LeetCode 1631 Path With Minimum Effort

Table of contents

Description

Question Links: LeetCode 1631

You are a hiker preparing for an upcoming hike. You are given heights, a 2D array of size rows x cols, where heights[row][col] represents the height of cell (row, col). You are situated in the top-left cell (0, 0), and you hope to travel to the bottom-right cell (rows-1, cols-1). You can move up, down, left, or right, and you wish to find a route that requires the minimum effort.

A route’s effort is the maximum absolute difference in heights between two consecutive cells of the route.

Return the minimum effort required to travel from the top-left cell to the bottom-right cell.

Example 1:

Input: heights = [[1,2,2],[3,8,2],[5,3,5]]
Output: 2
Explanation: The route [1,3,5,3,5] has a maximum absolute difference of 2.

Example 2:

Input: heights = [[1,2,3],[3,8,4],[5,3,5]]
Output: 1
Explanation: The route [1,2,3,4,5] has a maximum absolute difference of 1.

Example 3:

Input: heights = [[1,2,1,1,1],[1,2,1,2,1],[1,2,1,2,1],[1,2,1,2,1],[1,1,1,2,1]]
Output: 0
Explanation: This route does not require any effort.

Constraints:

• rows == heights.length
• cols == heights[i].length
• 1 <= rows, cols <= 100
• 1 <= heights[i][j] <= 10^6

Idea1: Dijkstra

This is a shortest-path problem where the “distance” is defined as the maximum edge weight along a path — a minimax path problem. We can solve it with a modified Dijkstra: use a min-heap of (effort, row, col), and for each neighbor compute new_effort = max(current_effort, |heights[r][c] - heights[nr][nc]|). Update dist[nr][nc] if we find a smaller effort.

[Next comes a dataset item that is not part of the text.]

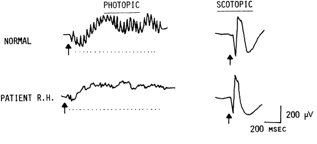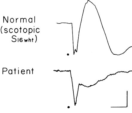 Many such diagnoses may be made by clinical examination, but three disorders may have normal retinal evaluations and can be diagnosed only by the ERG. CASE 7. An 11-month-old boy was evaluated under ketamine anesthesia because of poor vision and nystagmus from birth. The eye exam was normal. ERG revealed an absent photopic flicker response and a normal scotopic response. The ERG indicates an absence of cone function and normal rod function. This congenital hereditary absence or near absence of cones, known as rod monochromatism or achromatopsia, is inherited as an autosomal recessive and is nonprogressive.14 The additional symptom of aversion to light and in older persons, poor color vision, may help in making the diagnosis. CASE 8. A 6-month-old female was examined under ketamine anesthesia because of poor vision and nystagmus from birth. The parents noted irregular wandering eye movements and felt the vision to be extremely impaired. Examination showed mild granularity of the retina and an extinguished ERG. The diagnosis of Leber's congenital amaurosis, a congenital form of retinitis pigmentosa that is inherited as an autosomal recessive, can be made on the basis of the ERG. The retina may look nearly normal in infancy but invariably shows progressive changes during life.15 Vision is usually profoundly impaired but in rare instances may range from 20/60 to 20/200. Associated somatic abnormalities may include cerebellar dysfunction, deafness, and mental retardation.16 CASE 9. A 6-year-old boy was evaluated because of nystagmus and poor vision from birth. The parents stated that the vision had seemed stable and the child was able to read. Recently they were aware their child had difficulty at night. Vision was 20/60 OD and OS with a -7.00 spherical equivalent. Fundus evaluation showed myopic discs but was otherwise normal. The ERG showed a deep normal a-wave but an absent b-wave under scotopic recording conditions (Fig. 15). The ERG indicates normal photoreceptors as evidenced by the normal a-wave but an abnormality in the bipolar cell region as evidenced by the absent b-wave. In this instance the combination of clinical and ERG findings points to a diagnosis of congenital stationary nightblindness (CSNB), a stationary disorder and in this variety usually inherited as an X-linked recessive. This is one of several forms of CSNB (Table 4) and the typical ERG findings in such cases prevents confusion with more serious disorders, particularly when nightblindness is a presenting symptom.

heights:         dist after Dijkstra:
1  2  2          0  1  1
3  8  2          2  6  1
5  3  5          2  2  2   <- answer is dist[2][2] = 2

Path: (0,0)->(0,1)->(0,2)->  edges: |1-2|=1, |2-2|=0
      (1,2)->                 edge:  |2-2|=0
      (2,2)                   edge:  |2-5|=3? No, better path:
                              (0,0)->(1,0)->(2,0)->(2,1)->(2,2)
                              edges: 2, 2, 2, 2 -> max = 2

Complexity: Time $O(m \cdot n \cdot \log(m \cdot n))$ — each cell pushed to heap at most once with improvement. Space $O(m \cdot n)$ — dist array and heap.

Idea2: Binary Search + BFS

Binary search on the answer in range $[0, 10^6]$. For a given threshold mid, use BFS to check if there exists a path from (0,0) to (rows-1, cols-1) where every edge has |diff| <= mid. If reachable, search lower; otherwise search higher.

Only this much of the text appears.